Recall of Three Lots of Pfizer Inc Drug, Effexor
Three lots of sixth most popular antidepressant drug in the US market, Effexor, have been recalled by the drug maker Pfizer following report that another drug Tikosyn was found in the package of Effexor. All the pharmacists have been asked by the company and the U. S. Food and Drug Administration (FDA) to return all the recalled lots.
Some samples of the drug, Tikosyn, were found by a pharmacist in the bottle of the Effexor XR, the combination of which could prove fatal in certain cases for patients of depression.
Also, one lot of venlafaxine HCI 150 mg extended release capsules of the generic Greenstone grand LLC Company with 90-count bottles of the branded drug has been recalled. The total of three lots of the Effexor includes about 104,450 bottles of medicines, out of which 65,800 were received by the pharmacies in the country.

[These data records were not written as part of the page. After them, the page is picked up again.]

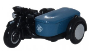 Motorcycle and sidecar in AA livery. This dual combination was a popular form of transport from the 1930s right through to the 1950s. Used by commercial organisations as well as private bikers, the Automobile Association was a prime user, when the bike and sidecar were ridden by the AA patrolmen in their jodhpur shaped trousers and high brown leather boots. AA members whose front radiators sported the AA badge, got a respectful salute from the patrolmen in those days too, as you drove by. The familiar AA Golden Yellow and Black livery is faithfully reproduced on this minute new model, registered HGV 228, including the AA insignia of the period. The bike is also highly detailed, especially the handlebars, which include brake levers and a rear view mirror. Note too, the black edge to the roof of the sidecar. For lovers of motorbikes and AA vehicles through the ages, this is something different to add to your fleet.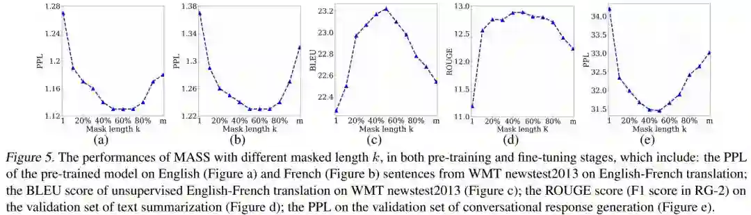 我们通过实验分析了屏蔽MASS模型中不同的片段长度(k)进行预训练的效果,如下图所示。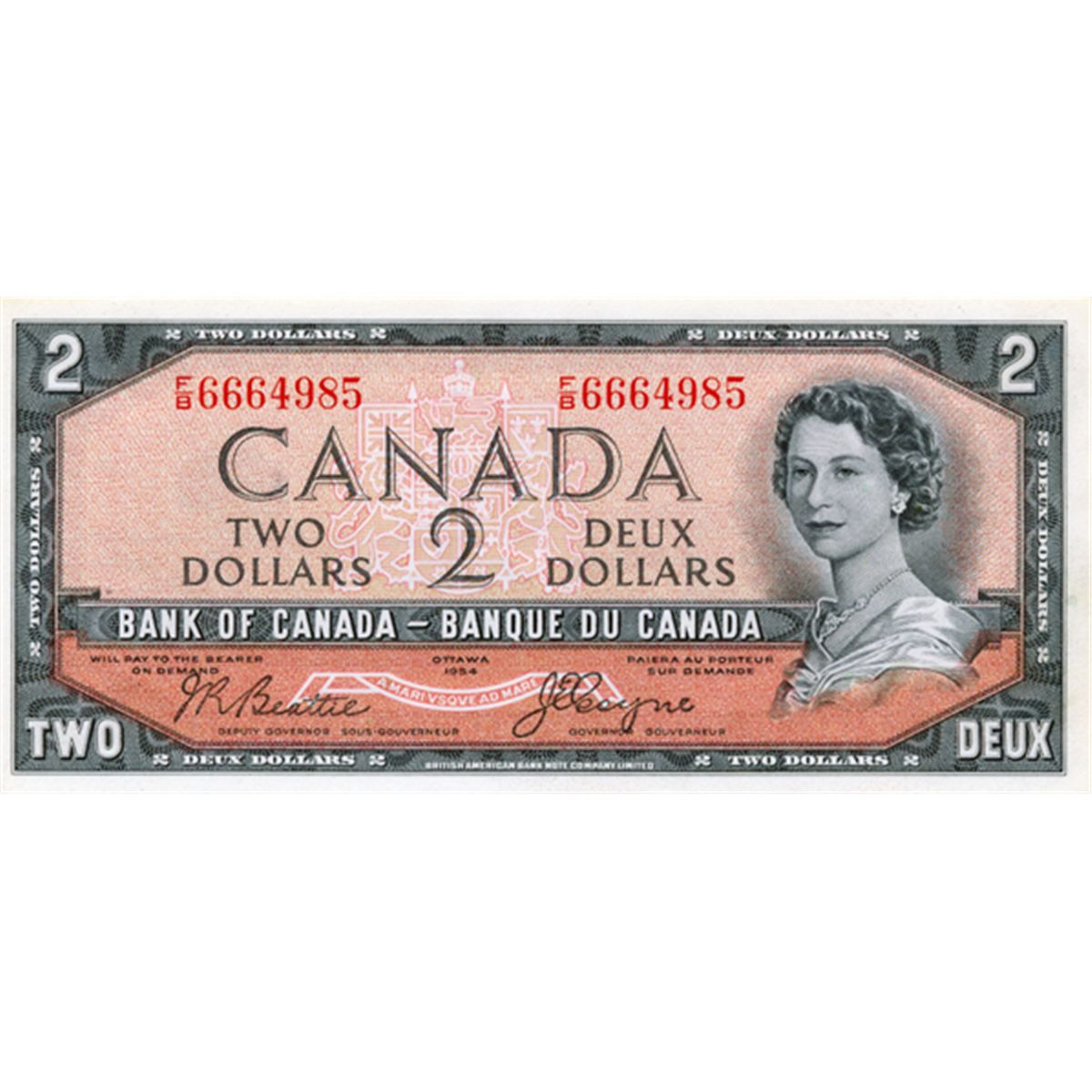 $2.00. 1954 Issue. BC-30b. Beattie-Coyne. ‘Devil’s Face’. No. F/B6664985. PCGS graded Choice UNC-64PPQ.

The Tikosyn drug is basically used for treating atrial fibrillation, a heart disease with common and potentially dangerous irregular heartbeat. According to the company, serious side-effects are associated with intake of Tikosyn which can leads to death in some cases.
The generic versions of the drugs made by other manufacturers will not get affected with the recall issued by Pfizer. Patients have been advised by the FDA to immediately contact doctors and diagnose themselves for signs of an abnormal heartbeat if they had consumed the drug.
Pfizer has not received any consumer complaints so far.